Password Changing After a Breach

Discussion in 'other security issues & news' started by guest, Jun 1, 2020.

  1. guest

    guest Guest

    Password Changing After a Breach
    June 1, 2020
    After a breach, users rarely change their passwords, and when they do, they're often weaker
    Study: "(How) Do People Change Their Passwords After a Breach?"
    (PDF - 209 KB):
  2. longshots

    longshots Registered Member

    Oct 20, 2017
    I suspect many of you use your browser as a storage area for many of your login passwords. Me too. For ease of use they’re great. I order my washing powder online, as well as my dog food and a few other bits and pieces. If my password was compromised at any of these website would I care? What’s anyone going to do – send me free dog food.

    Discaimer: I NEVER store my credit card details at any of these sites.

    I also use the same password in multiple websites. Is it a risk? Maybe, but look at the stats.

    In 2019, so far, hacked website included a collection of 2.7 billion identity records, consisting of 774 million unique email addresses and 21 million unique passwords.

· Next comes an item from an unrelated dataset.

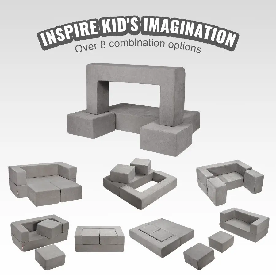 VEVOR Kids Couch, 4Pcs Modular Kids Play Couch, Toddler Couch Sofa Bed, Kids Chair Seat Playroom Furniture, Child Sectional Sofa with Removable Cover for Kids Girls Boys, GreyVEVOR Play Couch, Modular Kids Couch 15pcs, Toddler Foam Sofa Couch with High-density 25D Sponge for Playing, Creating, Sleeping, Imaginative Kids Furniture for Bedroom and Playroom

    These huge numbers are meant to frighten you, but in reality they do the opposite. It’s one thing to hack that many passwords, it’s quite another to weaponise them. If mine was one of 21 million passwords hacked, what have they got. My name, address, phone number – and the type of dog food I order. FYI, it’s Black Hawk Lamb And Rice. All this information is pretty much general knowledge. Would they even bother with a spear phishing attack to try and access my financial or banking details. In most cases it’s a lot of work to find out that the trip has not been worth it.